The idea of the Limited Liability Corporation is one of the innovations that is credited with making capitalism work. The structure allows a person or group to form a business without risking their entire fortune. That is the way that economics textbooks say it. It sounds like all upside.
But wait a minute. Think about it like a risk manager. A real risk manager, not the hucksters who sold the “risk goes away if you split it fine enough” or the “no increase in total risk because of diversification benefits” stories.
A real risk manager knows that a loss is a loss. A dollar (or euro, or pound) is a dollar. Losses do not disappear EVER. Unless you do the work to prevent them.
And limited liability is NOT a loss prevention program. It prevents losses from transmitting to a certain party. The owner of the company. But someone always gets those losses.
Think about it for just a fraction of a second. If a company has obligations that it cannot pay, who has a loss? You figured it out; their counterparties take the loss. It might be customers, suppliers, subcontractors, their bank, or bondholders. The limited liability idea protects only one group – the owners/shareholders. Everyone else has unlimited liability!
What we saw in the crisis, if you owe the bank $100,000 they own you. If you owe the bank $10,000,000 then you own the bank.
This limited liability idea is totally embedded now. Everyone believes that they have the RIGHT to create problems for everyone else that deals with them and JUST WALK AWAY.
In ancient times, the ultimate collateral was the debtor’s personal freedom. A person who defaulted on a debt became an indentured servant of the lender in the case of default. This idea persisted in one form or another until the 1800s when debtors prisons became out of favor. The US was one country that led the way on this movement. The US has always had a much easier attitude to bankruptcy. There has always been much less stigma attached to bankruptcy along with the easier legal climate.
So the system works this way – people and businesses can go bankrupt easily and put their excess losses onto their counterparties. And in reaction to this, counterparties must be careful who they do business with.
That means that Credit Risk Management is a fundamental aspect of the business environment.
However, when you recognize the underlying fundamental reason for that statement, you may question whether the new statistical based Credit Risk Management that has developed over the past 25 years actually satisfies the fundamental need of the system.
Under the statistical approach to CRM, diversification is the key risk management tool.

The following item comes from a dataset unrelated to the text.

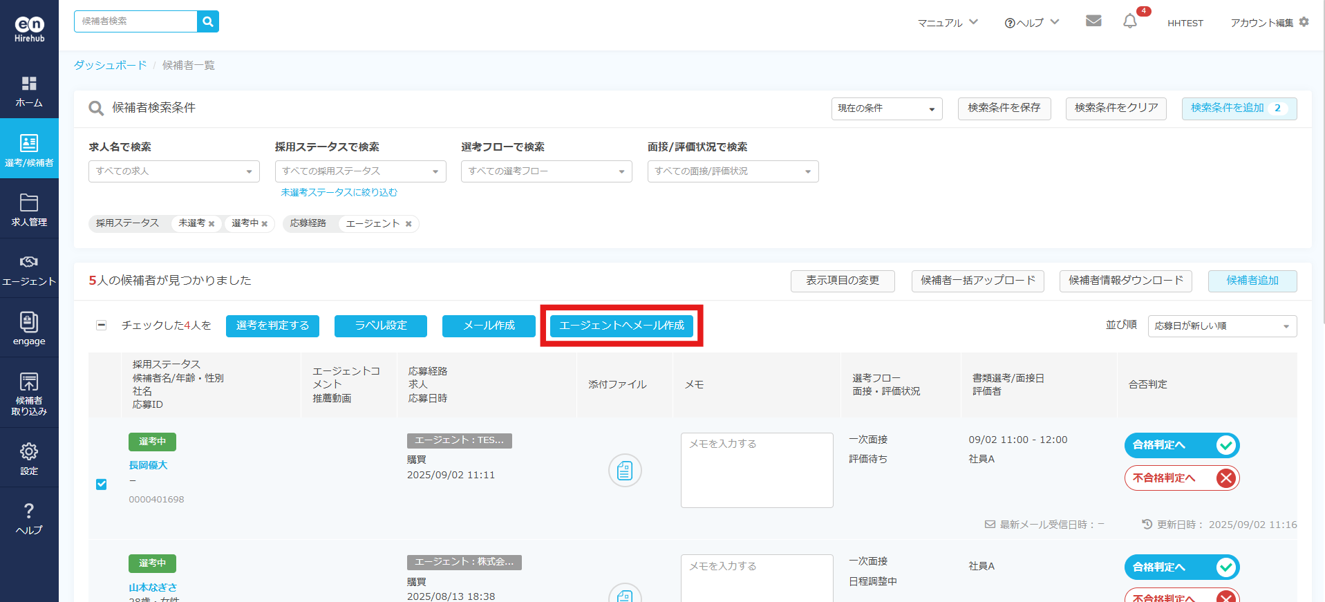 1. 候補者一覧画面から該当する候補者にチェックを入れ「エージェントへメール作成」のボタンをクリック。

This has replaced the time consuming and labor intensive credit underwriting process.
But it is the underwriting process that works to counter balance the default put that is implicit in the bankruptcy rules.
Without the underwriting, the statistical process will simply not work. It will give totally wrong information. That is because statistics does not work on any old bunch of numbers. Statistics only works on homogeneous sets of numbers.
Let’s review. The default put creates a situation where a person or a firm can take on obligations that they cannot repay AND they will not be held responsible to repay. When people or businesses operate AS IF they were going to pay obligations, then they can receive value from counterparties that is in excess of the value that they will repay. So their counterparties need to police this imbalance.
Statistical CRM means that the lender will make many loans with the expectation that only a few will fail to repay and there will be limited losses from those failures. But once borrowers notice this (or intermediaries who have a better chance to notice) their best outcome is to borrow as much as they can, to leverage up as much as possible. Their upside in the event that everything turns out well is then enormous and they suffer none of the downside.
So statistical CRM leads directly to deterioration in credit quality through excess leverage. No one is actually watching to make sure that the credit risk per loan is staying constant.
And the main risk management tool of diversification fails when the loans themselves become the major source of risk. The correlation between excessive lending and defaults is very high. It is different from the correlation between loans that can be repaid easily.
All this results directly from that default put. You need to understand the true dynamics of the system if you want to get your risk management right.